Given data:

(a) Velocity profile is given as u=\frac{1}{2 u} \frac{d p}{d x}\left(y^2-H^2\right)

Differentiating with respect to y, we have

\frac{d u}{d y}=\frac{1}{2 \mu} \frac{d p}{d x} 2 y=\frac{1}{\mu} \frac{d p}{d x} y

The wall shear stress is found to be

\tau_w=\left.\mu \frac{d u}{d y}\right|_{y=H}=\left.\mu \frac{1}{2 \mu} \frac{d p}{d x} 2 y\right|_{y=H}=\frac{d p}{d x} H

(b) The average velocity is found to be

u_{a v}=\frac{\int_{-H}^H u d y}{2 H}

or          u_{a v}=\frac{2}{2 H} \int_0^H u d y

=\frac{1}{H} \int_0^H \frac{1}{2 \mu} \frac{d p}{d x}\left(y^2-H^2\right) d y

=\frac{1}{2 \mu H} \frac{d p}{d x} \int_0^H\left(y^2-H^2\right) d y

=\frac{1}{2 \mu H} \frac{d p}{d x}\left[\frac{y^3}{3}-H^2 y\right]_0^H

=\frac{1}{2 \mu H} \frac{d p}{d x}\left[\frac{H^3}{3}-H^3\right]

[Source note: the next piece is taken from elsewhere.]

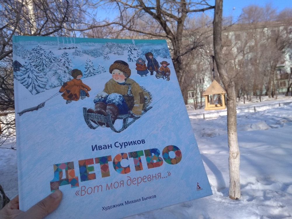 Все сразу назвали его Филипком. Возможно, у меня тоже возникла бы именно эта ассоциация с книжным героем, но Филипок шел в школу в большой отцовской шапке, а этот мальчик сразу стал для меня Ванечкой, Ванькой, маленьким Ваней Суриковым, чье детство прошло в деревне и описано в стихотворных строках "Вот моя деревня, вот мой дом родной, вот качусь я в санках по горе крутой". Моя большая красивая книга "Детство" с иллюстрациями Михаила Бычкова так нравилась детям, которым я ее читала! Ее лоскутные яркие форзацы, подробно отрисованные развороты оживляли стихотворение, написанное еще в позапрошлом веке!

(c) From the definition of stream function ψ, we get

u=\frac{\partial \psi}{\partial y}

or                                      \psi=\int u d y

or                                      \psi=\int \frac{1}{2 \mu} \frac{d p}{d x}\left(y^2-H^2\right) d y

or                                      \psi=\frac{1}{2 \mu} \frac{d p}{d x}\left(\frac{y^3}{3}-H^2 y\right)+f(x)                 (5.82)

Again,                          v=\frac{\partial \psi}{\partial x}

\psi=-\int v d x

or                                    \psi=g(y)               (5.83)

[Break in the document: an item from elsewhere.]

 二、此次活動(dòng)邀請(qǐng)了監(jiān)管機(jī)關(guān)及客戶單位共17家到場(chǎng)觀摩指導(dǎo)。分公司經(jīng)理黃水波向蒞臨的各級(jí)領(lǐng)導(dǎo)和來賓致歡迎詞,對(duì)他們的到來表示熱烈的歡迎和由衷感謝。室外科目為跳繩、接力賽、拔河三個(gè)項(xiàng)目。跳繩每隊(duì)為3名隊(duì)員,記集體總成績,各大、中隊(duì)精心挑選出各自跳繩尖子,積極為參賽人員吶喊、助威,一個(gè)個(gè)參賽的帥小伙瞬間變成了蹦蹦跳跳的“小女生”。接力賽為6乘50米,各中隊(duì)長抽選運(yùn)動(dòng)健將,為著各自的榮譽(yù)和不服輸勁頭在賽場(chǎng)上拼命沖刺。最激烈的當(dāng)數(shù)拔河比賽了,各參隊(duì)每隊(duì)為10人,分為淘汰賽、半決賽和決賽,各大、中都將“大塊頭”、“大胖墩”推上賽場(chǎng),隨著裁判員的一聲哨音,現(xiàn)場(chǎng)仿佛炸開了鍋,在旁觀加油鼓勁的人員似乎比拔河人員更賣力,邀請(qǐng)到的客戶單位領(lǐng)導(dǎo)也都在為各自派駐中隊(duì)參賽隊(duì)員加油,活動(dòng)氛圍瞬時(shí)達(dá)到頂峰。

Comparing Eqs. (5.82) and (5.83), we have

\psi=\frac{1}{2 \mu} \frac{d p}{d x}\left(\frac{y^3}{3}-H^2 y\right)

Hence, the stream function for the flow is

\psi=\frac{1}{2 \mu} \frac{d p}{d x}\left(\frac{y^3}{3}-H^2 y\right)

(d) The vorticity is given by

\Omega_{x y}=\frac{\partial v}{\partial x}-\frac{\partial u}{\partial y}=0-\frac{1}{\mu} \frac{d p}{d x} y=-\frac{1}{\mu} \frac{d p}{d x} y

(e) Since the vorticity is not equal to zero, the flow is rotational. Therefore, the velocity potential does not exist.